Eye Doctor
Yeah . Going to one. Using my leftover insurance for the least important thing. But hey, glasses are sexy and my prescription is almost 3 years old.
Never done this on my own. Ugh, I hate it when they puff air into your eyes.
I reasonably should fear eye doctors, cos they often led to crushing announcements like, "It’s time to have another surgery!" or, "You’ll be wearing this patch for 4 hours every day for 2 years!" But I’m mostly neutral, because they’re just so… COOL. And I get something at the end. Usually, a sexy new pair of glasses that make me want to wear a pencil skirt and hold a clipboard and sit on desks sexily. And I can see myself THAT MUCH BETTER with my new, non-blurry vision! Win-win!
Ugh but I really have to go now. I don’t want to be late. I need to be EARLY.
I WILL BE EARLY TO SOMETHING FOR THE SECOND TIME IN MY LIFE, DAMN IT.

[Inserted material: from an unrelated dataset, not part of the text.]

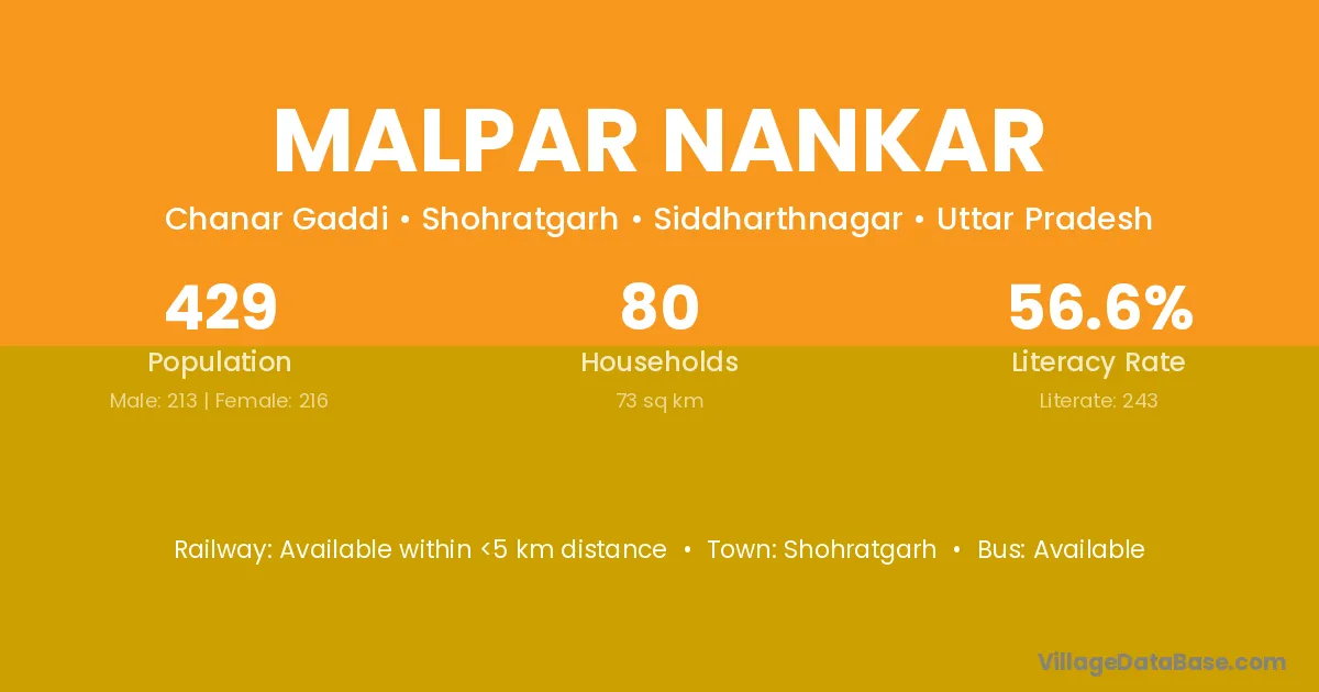 Shohratgarh is the nearest town to Malpar Nankar village for major economic activities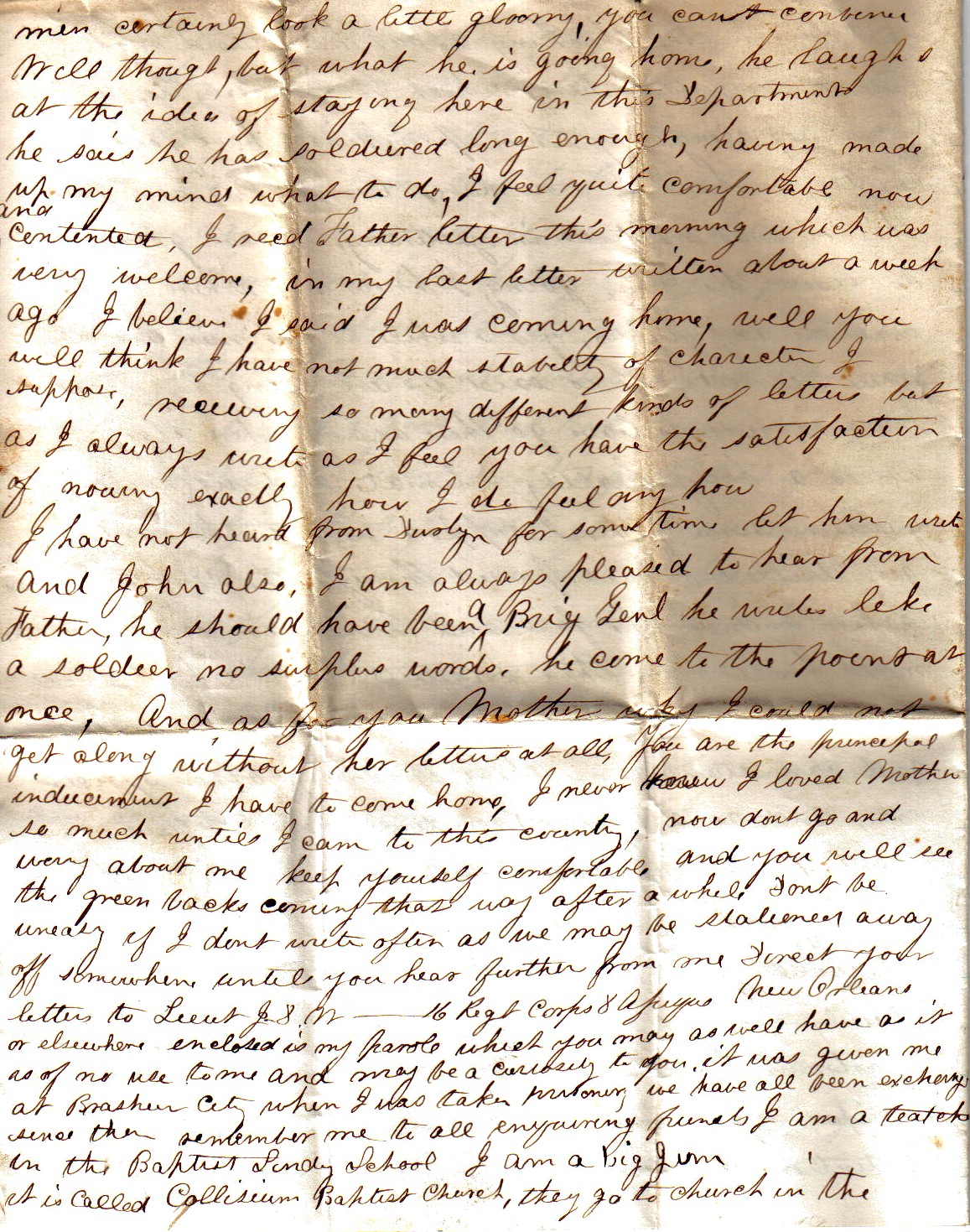 awhile. Don’t be uneasy if I don’t write often, as we may be stationed away off somewhere until you hear further from me. Direct your letters to Lieutenant J.D. Wade, 16th Regiment Corps d’Afrique, New Orleans, or elsewhere. Enclosed is my parole, which you may as well have as it is of no use to me and may be a curiosity to you. It was given me at Brashear City when I was taken prisoner; we have all been exchanged since then. Remember me to all enquiring friends. I am a teacher in the Baptist Sunday School; I am a big gun. It is called Coliseum Baptist Church, they go to church in the morning and to the Theatre in the evening, that is most people do, but this Church seems to act for the square; they have a prayer meeting in the evening which seems kind of natural. Write soon,

There’s an alternative to the Puff now! First they put magical eye drops in that numb the shit out of your eyeballs. And they use this – it’s like… a roller ball pen thing that… rolls… onto your eye. It, too, is magical and takes measurements without making you feel like you’re standing in the middle of an air field. In fact – it feels pretty effing cool – ‘specially once the whole exam is done and you’re still sitting there with numb eyeballs. You can see everything, you just can’t feel it. Anyhow, I love that out of everything you’ve had to say in the last month, THIS is what I actually comment on. Cuz it’s, like, mas importante and stuff. Good thing I’m here, eh.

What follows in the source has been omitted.